Después de horas de salvaje viaje sin tregua, después de que el sol hubiese quedado atrás, confundido entre la costa californiana y el horizonte impreciso, agotados caballo y jinete, entraron en los dominios del Pecos, en una tierra de nadie y de muchos, en un inhóspito núcleo de población desamparada, donde la ambición era el alimento diario para la falta de escrúpulos, y los sin ley reinaban bajo la protección de la hipocresía, un trozo de vida muerta entre Eagle Pass y Laredo, un lugar perdido y quizás maldito, fronterizo, donde no querían ir ni los condenados, donde quien entraba ya no salía jamás, un lugar fácil para olvidar y ser olvidado, un punto en el que los indecentes y sinvergüenzas se confundían cómodamente entre los honrados, y estos a su vez entre los cobardes, un extraño y desolador paraje cuyo irónico nombre, Hope Hill, parecía broma, La Colina de la Esperanza. ¿Qué esperanza? ¿Qué colina? Una rápida ojeada, mostraba algún que otro montículo, mezcla de arena y hierbajos secos, que secos crecían como las almas de quienes habitaban por allí.

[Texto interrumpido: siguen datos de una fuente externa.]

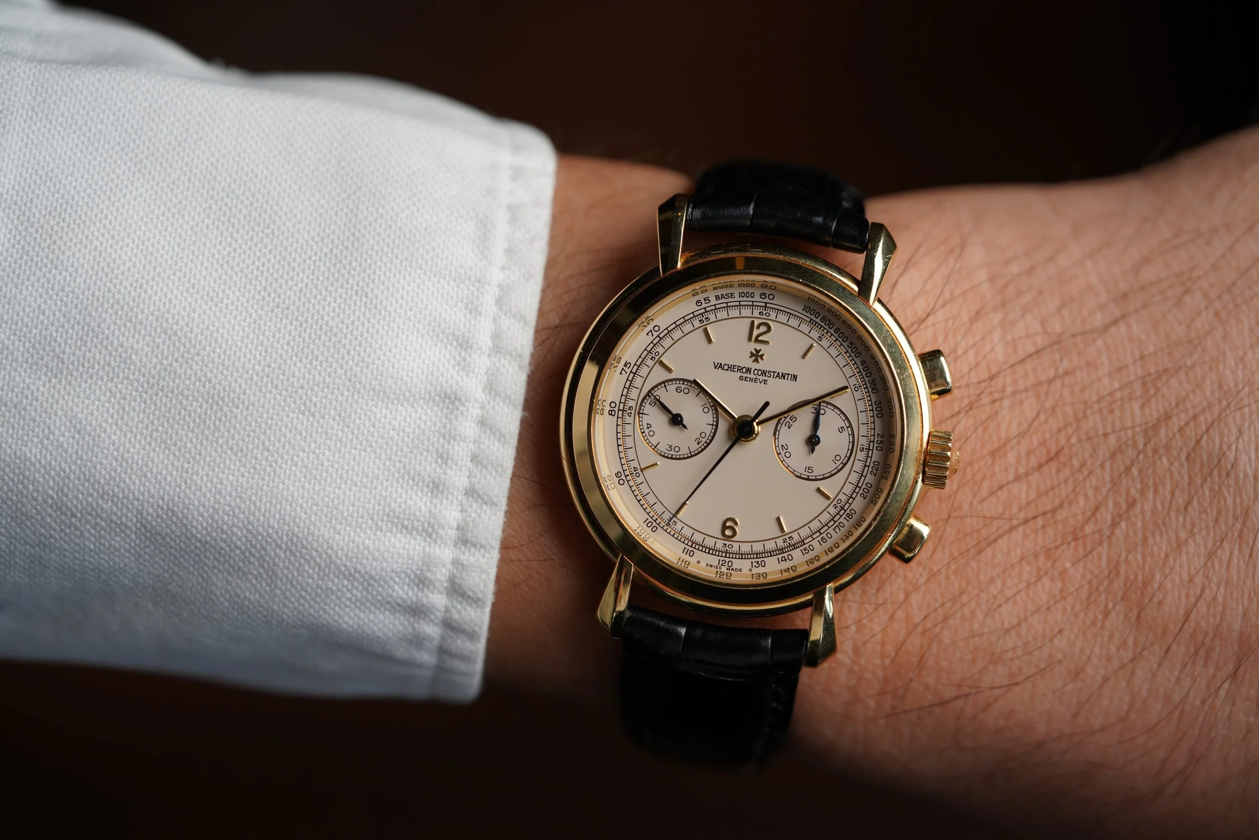 This Vacheron Constantin Historiques Chronograph reference 47101/4 is a fantastic and modern chronograph. These are among the most interesting and well made VC chronographs. The case is made of 18K yellow gold. The case appears to be unpolished. It measures 35mm in diameter and approximately 45mm lug-to-lug.

Tan muerto panorama se ve de pronto regenerado por la irrupción del río. Discurre a lo largo de aquellas tierras, sereno, imperturbable, como si supiese que dispone de toda la eternidad para separarlas en dos mundos diferentes. Ciega con sus destellos a uno y otro lado de la frontera a quienes observan sus aguas bañadas por el ardiente sol. Se burla de la mezquindad humana y su insaciable ambición, a la hora de arrastrar cadáveres hasta los confines de la indiferencia. El río calla cuando los hombres gritan, matan y mueren. También el jinete solitario, inseparable del agua, que ahora serpentea por sus meandros, cabalga en silencio, pero goza de cada salpicadura porque las necesita para sentir cómo la vida fluye por sus venas. Ni San Francisco, ni San José, o Los Ángeles, o Santa Ana, o San Diego, Tijuana, Tucson, ni la fiebre del oro, ni la ciudad de El Paso, pudieron retenerle. Una idea fija le mantenía tras su meta y debía alcanzarla, le parecía que, si paraba, se le escaparía de las manos. De ese modo había ido en busca de su destino, corriendo por medio país hasta encontrarlo. Ahora la suerte estaba echada, pero no tenía por qué destapar las cartas, todavía, a pesar de llevar bien escondido bajo la manga algún as.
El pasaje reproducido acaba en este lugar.